А этот еще сокрушаться будет. Может, даже начнет обожать исподтишка – откуда она знала, что так бывает? Любовь знает все. Грубить, не замечать, бросать огненные взгляды…
Ну уж, этот хламис она ему еще припомнит. Уж он-то будет ее просить на коленях и никак иначе. В противном случае ему придется ее похитить.
А пока нечего смотреть на эту ходячую оскомину.
Годы на Олимпе оказывались легкими и бестревожными. Война шла – где-то и чья-то там. Мужчины воевали прилежно, но это было неинтересно. Собственная война – вот что было важно.
Даже жаль, что не было соперниц. Гестия не очень-то и красива, а Деметра… ну, эта вообще корова со своими цветочками и вздохами по Зевсу. Фемида-правдолюбка, потом вот Ата…
Разить было легко. Удар – покоренный взгляд. Мимолетная улыбка – затрепетавшее сердце в ответ. Танец – ворохи цветов от новых почитателей. Симпатичные смертные, смазливые божки, бесконечный шепот сердца, сладкая мука: тебя должны любить все. Все-все-все…
- Нет, ну какой же он бесчувственный, - вздохнула Ата-Обман. Всплеснула руками, щуря хитрые изумрудные глаза. – Подумать… все вокруг! Глаз не сводят! Душенька-красавица!
А этот по подземному миру шастает. Один в один – мой братик. Я рассказывала тебе о своем братике, милочка?
- Только не надо рассказывать о нем на ночь, дорогая, - легкая улыбка скрывает капризное подергивание губ. – О твоем братике наслушаешься… И говорят, что Аид не ценитель… женской красоты.
В конюшне грохнуло. По воздуху промчалось что-то белое, заливающееся дурным смехом. Голос, полный холодной ярости, прогремел вслед: «Если ты, легкокрылая тварь, еще раз…»
Дальше последовал оборот, от которого заикали даже кони.
Явившийся из конюшни Аид удостоил Ату мимолетным взглядом. Афродите попало еще меньше: тень взгляда, легкий отзвук, эхо…
- Ходят слухи, - мечтательно протянула Ата, вглядываясь в спину уходящего, - говорят, он ездит в одну бухточку. К одной нереиде. Влюблен – аж глубже ушей!
- Она влюблена, - сквозь зубы поправила Афродита.
Любовь знает все, и иногда от этого знания устаешь.

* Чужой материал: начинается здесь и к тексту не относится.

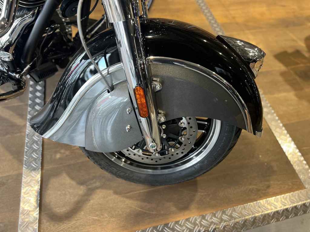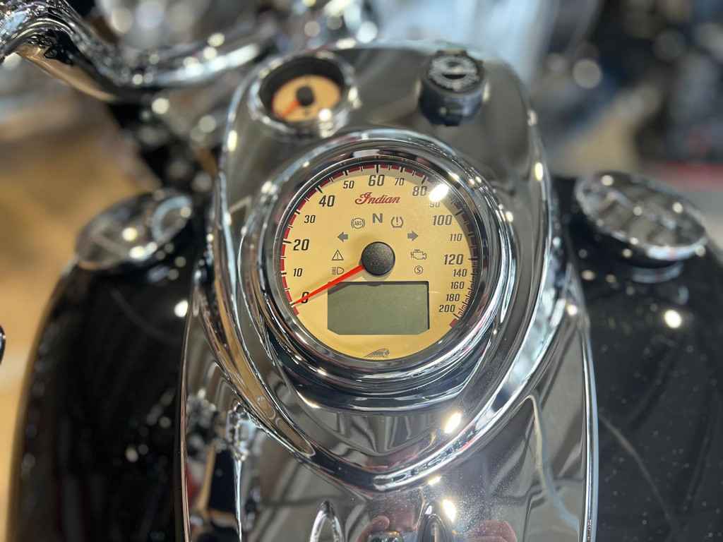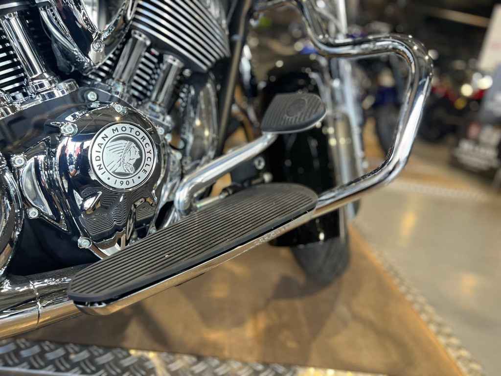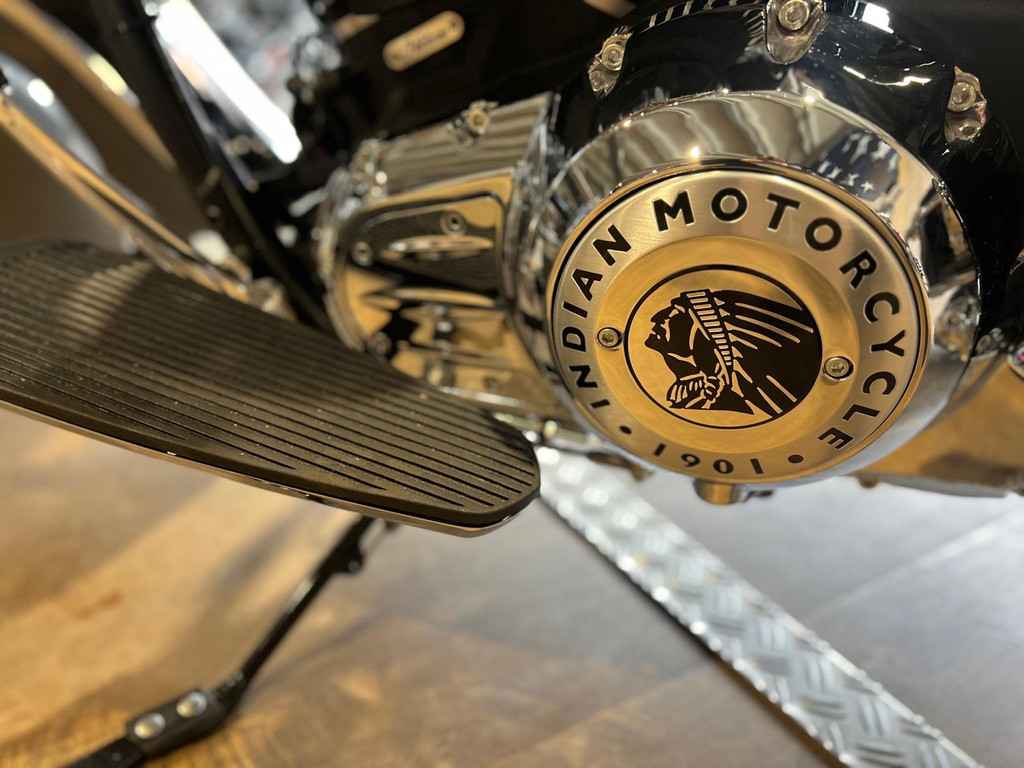 Snel ontgrendelbaar windscherm, zadel in vinyl, op afstand afsluitbare, harde zadeltassen, highway bars, bandenspanningscontrole, lichtstang, ABS, snelheidsregelaar, sleutelloos starten, Indian®-opschrift op de tank
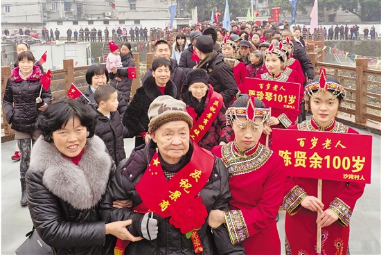 2月10日,景宁畲族自治县鹤溪街道一座连接鹤溪两岸的小桥——景商桥复建完工,人们请来两位百岁老人和儿童为新桥开通剪彩、踏新。老人和儿童为新桥踏新源自当地古老习俗,既倡导敬老扶幼,又寓意代代相传。
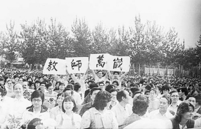 中央领导同志号召全社会都要尊重教师,这是一件意义非常深远的大事。我们要振兴中华,实现四个现代化的目标,不尊重教师,不重视文化科学技术的作用,是不成的。
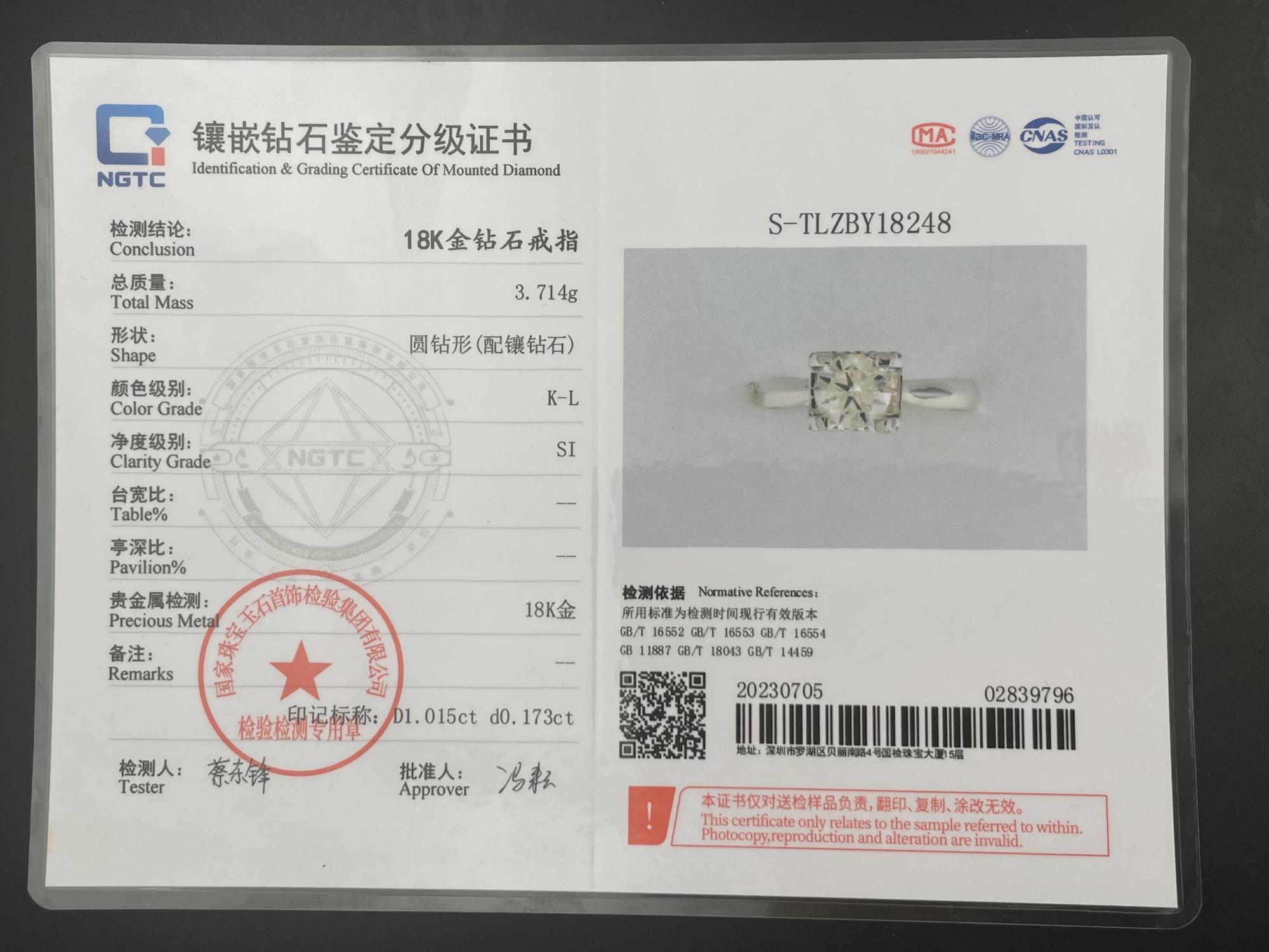 主钻1.015克拉KL色SI净度圆形钻 特价3.34W国检NGTC508248
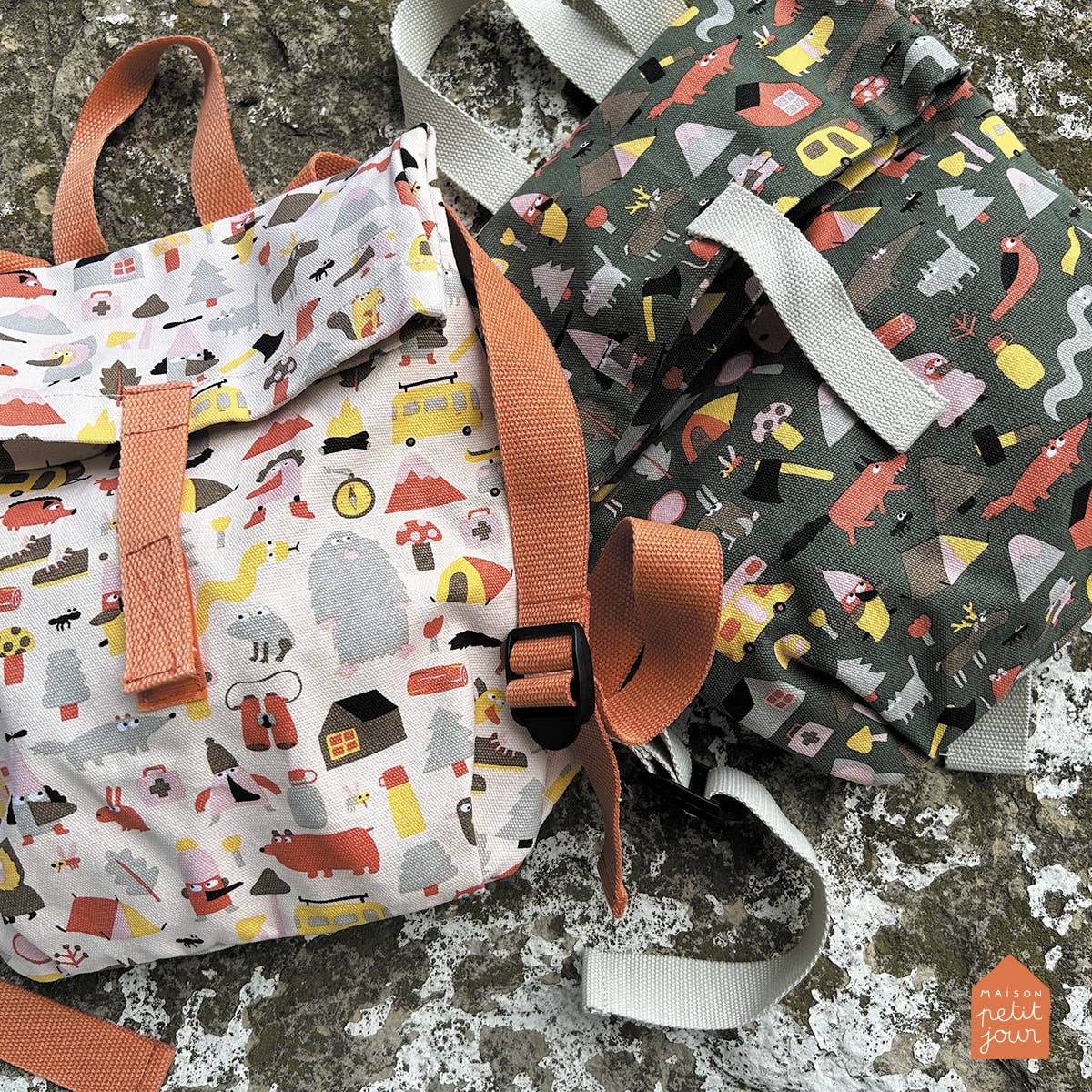 A cotton backpack to transport toy cars, colouring books, a change of clothes or plushies! Ultra light, practical with a simple flap and a velcro ribbon to close it.
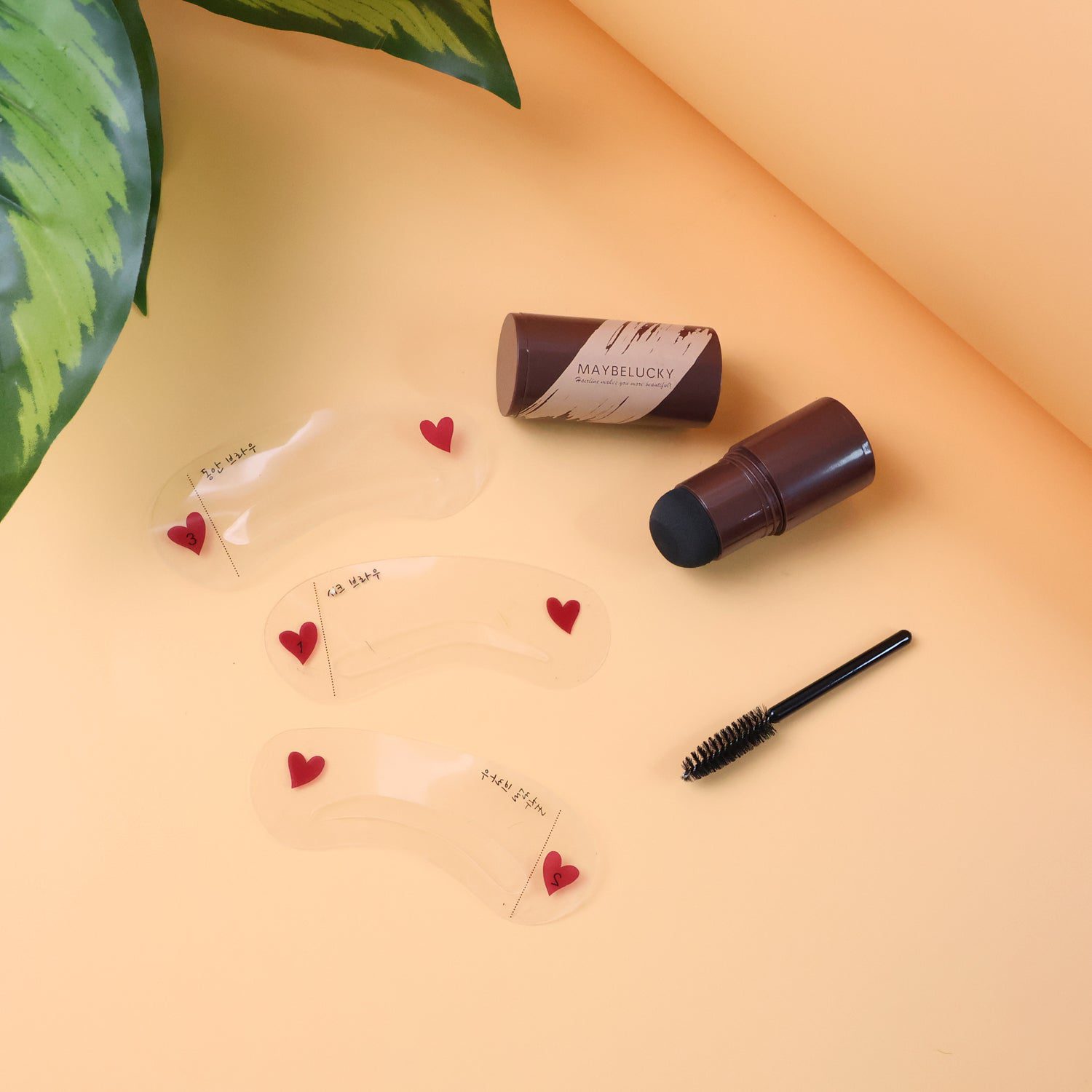 Set Includes: 1 Powder Stick with Cushion Puff, 3 Eyebrow Stencils, 1 Blending Brush

- Пояс, - промурлыкала Ата. – Ставлю свой пояс ковки Циклопов. Он как раз подойдет тебе: им можно одурманить и приворожить любого… Ставлю свой пояс на то, что ты не заставишь его полюбить себя.
Наконец-то, подумалось весело. Пояс – это хорошо. Вызов – это еще лучше. Любовь любит вызовы. Даже такие простые.
Он – воин. Что нужно воину? Тихий очаг, вкусная еда, покой… что еще он мог найти в той нереидке?
И вообще, Любовь знает, что путь к сердцу мужчины…
Когда он в следующий раз появился на Олимпе – через три года и после битвы – она торжественно преподнесла ему похлебку своего приготовления.
После первой ложки он наконец посмотрел на нее. Долго смотрел. Не меняясь в лице – лицо у него вообще было невыразительным – зато вот во взгляде мелькало что-то такое…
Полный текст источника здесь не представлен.